Exercise requirements => Every line below from the one with "FiLENAME: | Unlocked.German.2017.DL.BDRip.x264-CiNEViSiON.mkv |" through the one with "The tomato model" is to be repeated exactly, with no picture among them.

Exercise materials =>
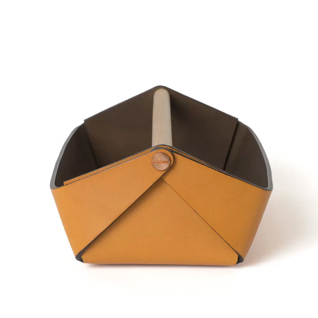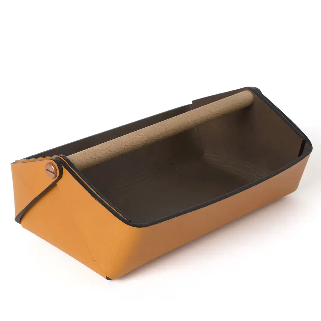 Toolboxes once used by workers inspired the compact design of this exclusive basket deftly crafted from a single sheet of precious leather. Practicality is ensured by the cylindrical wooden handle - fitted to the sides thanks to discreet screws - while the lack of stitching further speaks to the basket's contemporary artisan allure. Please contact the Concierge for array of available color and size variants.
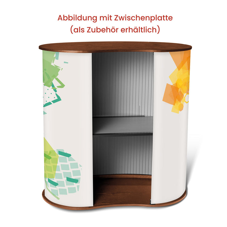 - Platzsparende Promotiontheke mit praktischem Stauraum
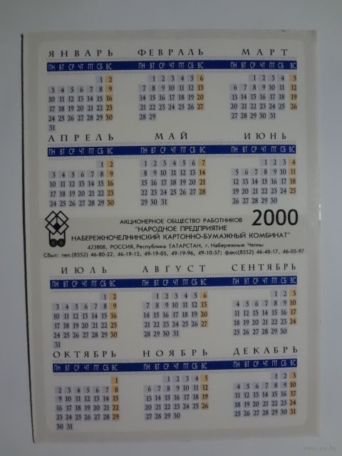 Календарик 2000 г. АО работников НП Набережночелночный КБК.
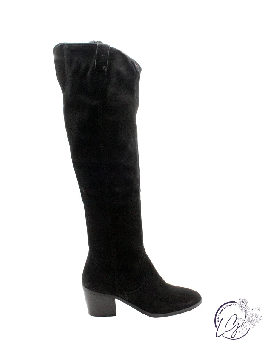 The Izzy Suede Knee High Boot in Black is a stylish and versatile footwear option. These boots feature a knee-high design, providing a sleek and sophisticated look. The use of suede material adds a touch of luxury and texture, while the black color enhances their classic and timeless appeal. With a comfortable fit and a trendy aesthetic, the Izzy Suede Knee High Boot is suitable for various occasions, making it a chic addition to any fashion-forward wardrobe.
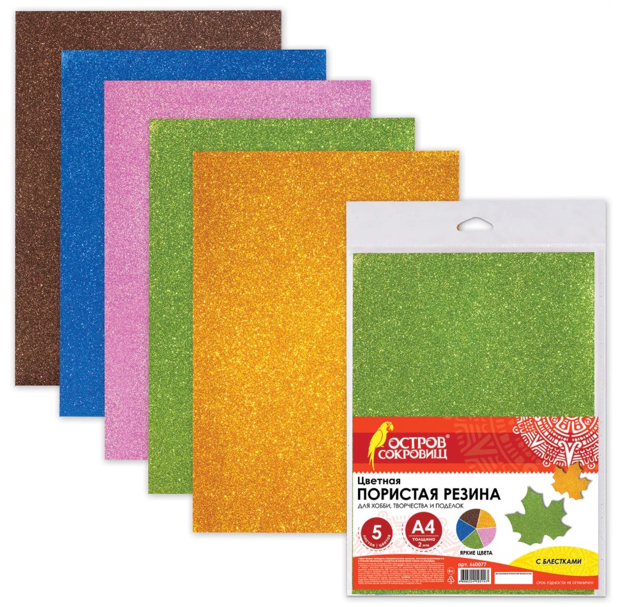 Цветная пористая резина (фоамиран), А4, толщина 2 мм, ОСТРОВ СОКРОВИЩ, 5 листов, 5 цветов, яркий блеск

...

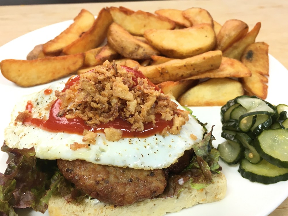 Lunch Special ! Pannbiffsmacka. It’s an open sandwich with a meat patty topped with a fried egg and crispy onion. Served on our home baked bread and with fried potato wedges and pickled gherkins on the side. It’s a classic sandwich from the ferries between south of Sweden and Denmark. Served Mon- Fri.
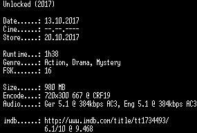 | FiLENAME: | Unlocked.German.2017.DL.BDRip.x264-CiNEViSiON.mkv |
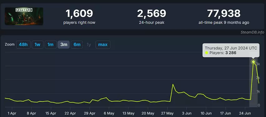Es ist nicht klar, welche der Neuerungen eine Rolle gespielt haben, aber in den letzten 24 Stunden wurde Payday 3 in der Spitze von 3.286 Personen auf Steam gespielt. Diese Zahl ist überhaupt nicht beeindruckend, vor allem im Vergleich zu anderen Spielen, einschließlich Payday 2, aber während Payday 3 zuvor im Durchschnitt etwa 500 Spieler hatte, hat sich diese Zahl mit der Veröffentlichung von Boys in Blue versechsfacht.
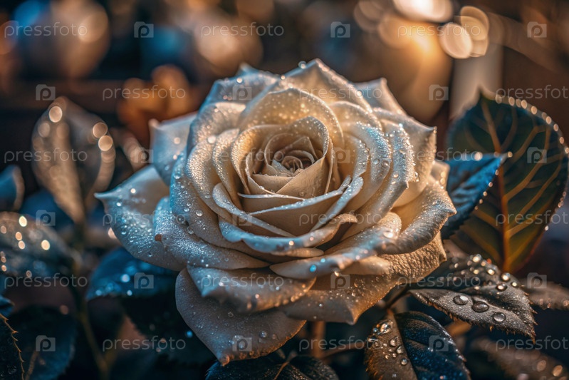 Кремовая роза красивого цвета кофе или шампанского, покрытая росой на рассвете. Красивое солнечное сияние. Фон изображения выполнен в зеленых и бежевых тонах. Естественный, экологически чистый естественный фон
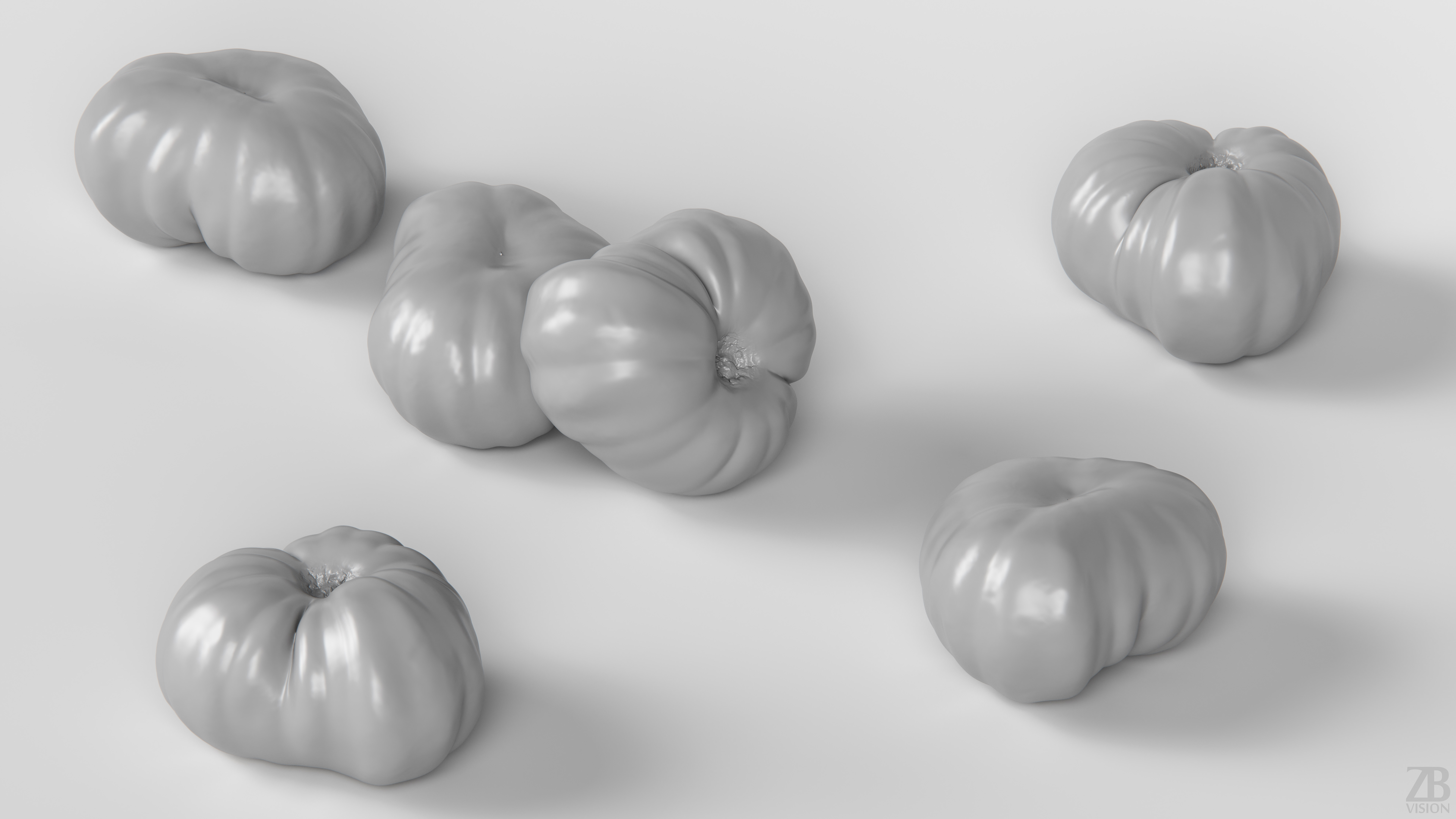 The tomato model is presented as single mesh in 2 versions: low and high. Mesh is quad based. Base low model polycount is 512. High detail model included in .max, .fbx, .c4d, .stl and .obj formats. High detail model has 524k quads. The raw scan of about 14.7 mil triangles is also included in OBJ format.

* * *

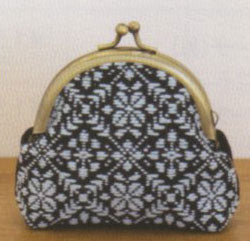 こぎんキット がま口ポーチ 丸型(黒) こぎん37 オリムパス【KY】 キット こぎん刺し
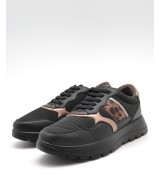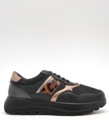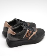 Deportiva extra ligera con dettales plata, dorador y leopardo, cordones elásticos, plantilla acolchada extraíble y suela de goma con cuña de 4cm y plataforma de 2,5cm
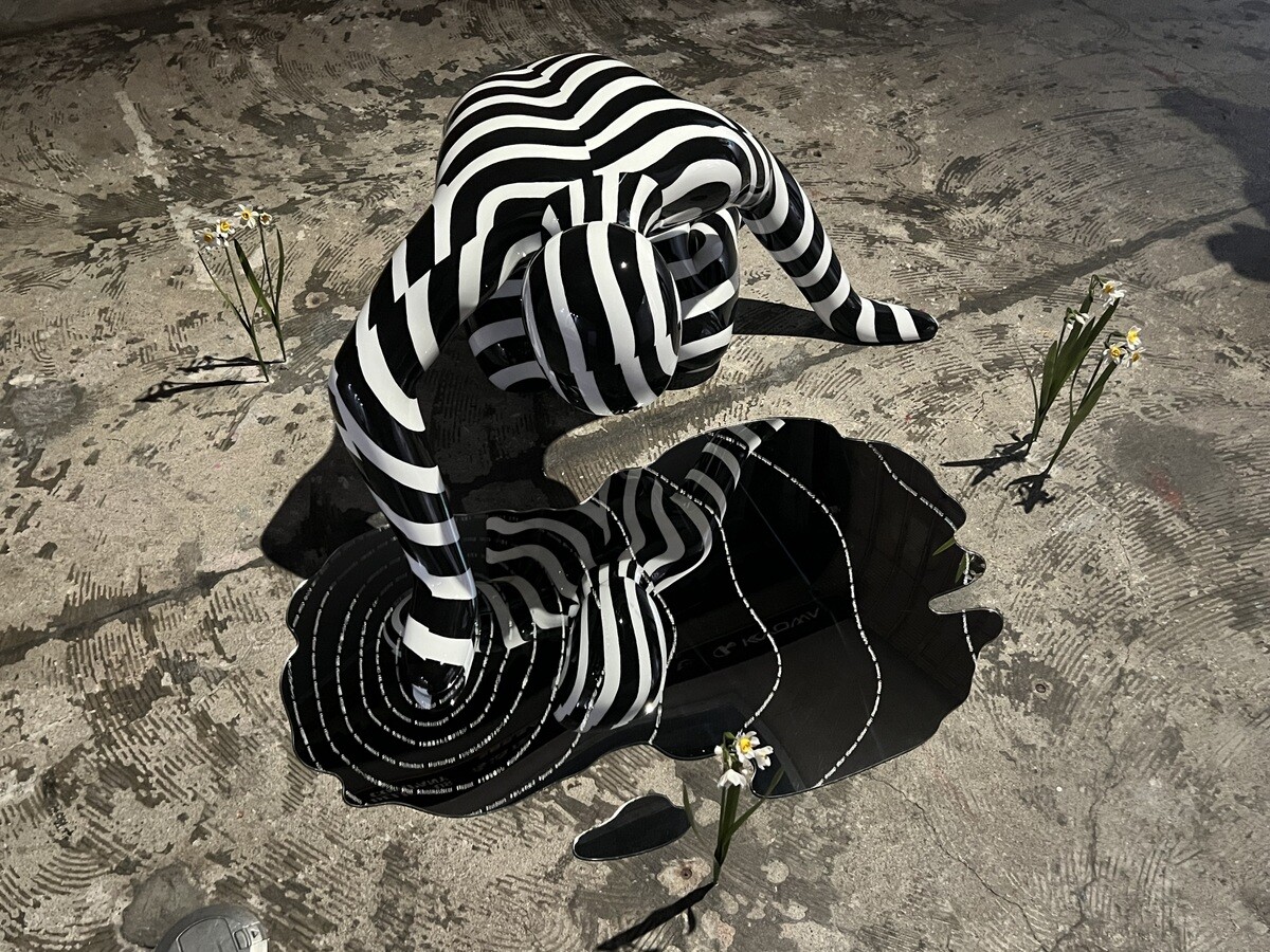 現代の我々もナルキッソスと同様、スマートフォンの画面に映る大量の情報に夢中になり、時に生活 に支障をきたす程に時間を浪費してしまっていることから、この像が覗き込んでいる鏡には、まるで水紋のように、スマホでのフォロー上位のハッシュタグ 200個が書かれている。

Final answer =>
 | FiLENAME: | Unlocked.German.2017.DL.BDRip.x264-CiNEViSiON.mkv |
Es ist nicht klar, welche der Neuerungen eine Rolle gespielt haben, aber in den letzten 24 Stunden wurde Payday 3 in der Spitze von 3.286 Personen auf Steam gespielt. Diese Zahl ist überhaupt nicht beeindruckend, vor allem im Vergleich zu anderen Spielen, einschließlich Payday 2, aber während Payday 3 zuvor im Durchschnitt etwa 500 Spieler hatte, hat sich diese Zahl mit der Veröffentlichung von Boys in Blue versechsfacht.
 Кремовая роза красивого цвета кофе или шампанского, покрытая росой на рассвете. Красивое солнечное сияние. Фон изображения выполнен в зеленых и бежевых тонах. Естественный, экологически чистый естественный фон
 The tomato model is presented as single mesh in 2 versions: low and high. Mesh is quad based. Base low model polycount is 512. High detail model included in .max, .fbx, .c4d, .stl and .obj formats. High detail model has 524k quads. The raw scan of about 14.7 mil triangles is also included in OBJ format.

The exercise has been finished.